Find the line with "Il contesto in" in the entries below. Repeat it, every following line, and the line with "Honey-Can-Do Steel and", exactly and with nothing added.

§ **SOURCE MATERIAL**:
- - -

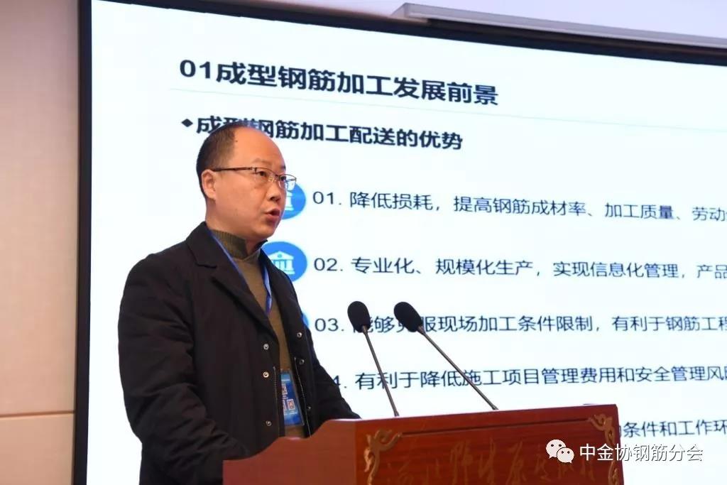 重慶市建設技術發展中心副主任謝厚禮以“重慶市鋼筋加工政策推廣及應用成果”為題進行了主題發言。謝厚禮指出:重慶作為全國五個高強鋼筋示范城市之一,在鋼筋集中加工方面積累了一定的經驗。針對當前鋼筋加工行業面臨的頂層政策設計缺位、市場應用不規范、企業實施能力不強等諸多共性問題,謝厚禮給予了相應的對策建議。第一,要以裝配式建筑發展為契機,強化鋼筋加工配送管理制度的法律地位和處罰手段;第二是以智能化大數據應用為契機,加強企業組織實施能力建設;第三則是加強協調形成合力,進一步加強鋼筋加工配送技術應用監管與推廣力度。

- - -

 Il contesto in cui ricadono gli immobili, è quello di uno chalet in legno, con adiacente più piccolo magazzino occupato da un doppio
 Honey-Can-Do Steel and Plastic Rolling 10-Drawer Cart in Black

- - -

§ **RESULT OF THIS EXERCISE**:
 Il contesto in cui ricadono gli immobili, è quello di uno chalet in legno, con adiacente più piccolo magazzino occupato da un doppio
 Honey-Can-Do Steel and Plastic Rolling 10-Drawer Cart in Black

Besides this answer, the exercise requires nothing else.